Horizontal integration (across many data from independent sources) applies more commonly to basic research and academia. Public databases and repositories of published datasets are a gold mine for research and can be used to look for correlations, confirm hypotheses, validate own results. Integration processes require computational skills often prerogative of computational biologists, bioinformaticians or computer scientists, and usually take a significant part of research time.
Vertical integration (across data produced by a single organization) is particularly important for pharma industries, which often produce and handle different kind of data, but have the difficulty or even impossibility to work with data outside personal or departmental silos. Difficulties are not of technical nature only, but can originate from organizational and decisional issues.
Finally, data collection needs to be curated and quality controlled and then published and shared in a way that they can be easily reused and reproduced: the publication of the FAIR principles emphasizes four key aspects that should be a priority for data practices across the scientific community: published data should be Findable, Accessible, Interoperable and Reusable.

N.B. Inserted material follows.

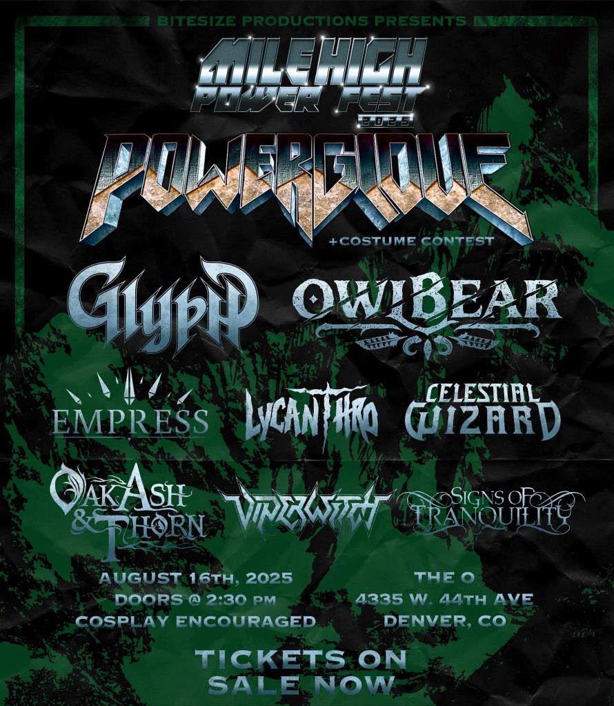 Featuring POWERGLOVE, GLYPH, OWLBEAR, EMPRESS, LYCANTHRO, CELESTIAL WIZARD and more! The 2nd edition of Mile High Power Fest being hosted on August 16th at the Oriental Theater (4335 W 44th Ave) in Denver, CO will be a celebration of strength, unity, and the unyielding spirit of metal.

In the autumn of 2017 a course at the University of Washington in Seattle taught by biologist Carl Bergstrom and information scientist Jevin West quickly filled up to capacity in a few minutes as soon as the syllabus went public: the running title of the course was quite irreverently addressing the wrong way to approach information in the era of big data. While the course was designed to teach the ability to recognize falsehood and weakness in many different domains, there were specific lectures on big data and scientific publication bias. One of the message there is that good science should beware of the so called "big data hubris," the often implicit assumption that big data are a substitute for traditional data collection and analysis: the textbook example is the Google Flu Trends project, which claimed to be able to anticipate seasonal flu outbreaks just by tracking internet user searches for flu-related terms: this actually turned out to be a predictor of outbreaks much less reliable than a simple model of local temperatures. The scientific community sometimes slips into the problem of data overfitting which is a common concern in data analysis, i.e., when too many parameters are used to match a particular set of data and following too close the training data (the data set used to infer the model), thus running the risk to infer models that are ambiguously artificial. A common clue and warning of possible overfitting, yet too often disregarded, is the occurrence of odd correlations, even if it is widely known and accepted that correlation does not imply causation.
In the quantifying era we live in, the dream of many analysts is to reduce every signal to a common metric which would make them much easier to integrate and compare. The reduction of physiology to quantitative signals and the ability to measure biological quantities, somehow allowed a first digitization of the human being: in this way we can ask and hope to be able to infer much more about health and disease. But as J. Derridà stated in his 1967 De la grammatologie: "il n'y a pas de hors-texte" (there is no outer text). In other words, everything we receive is interpreted and no matter the effort in peeling off all the interpretation levels, we cannot be connected to an un-interpreted reality. We need models to interpret the reality and models to fit the reality to something that allows forecasting. Weather, health, biology, behavior and financial markets are predicted with models relying on data points. The more the points the better the prediction.
In conclusion, if we want to make biomedical sciences a productive big data science and precision medicine a reality we certainly need to address challenges given by technicalities of computational methods and infrastructure scalability, but we will need to allow a real and productive data integration focusing on issues of data governance, policies of data sharing, curation and standardization.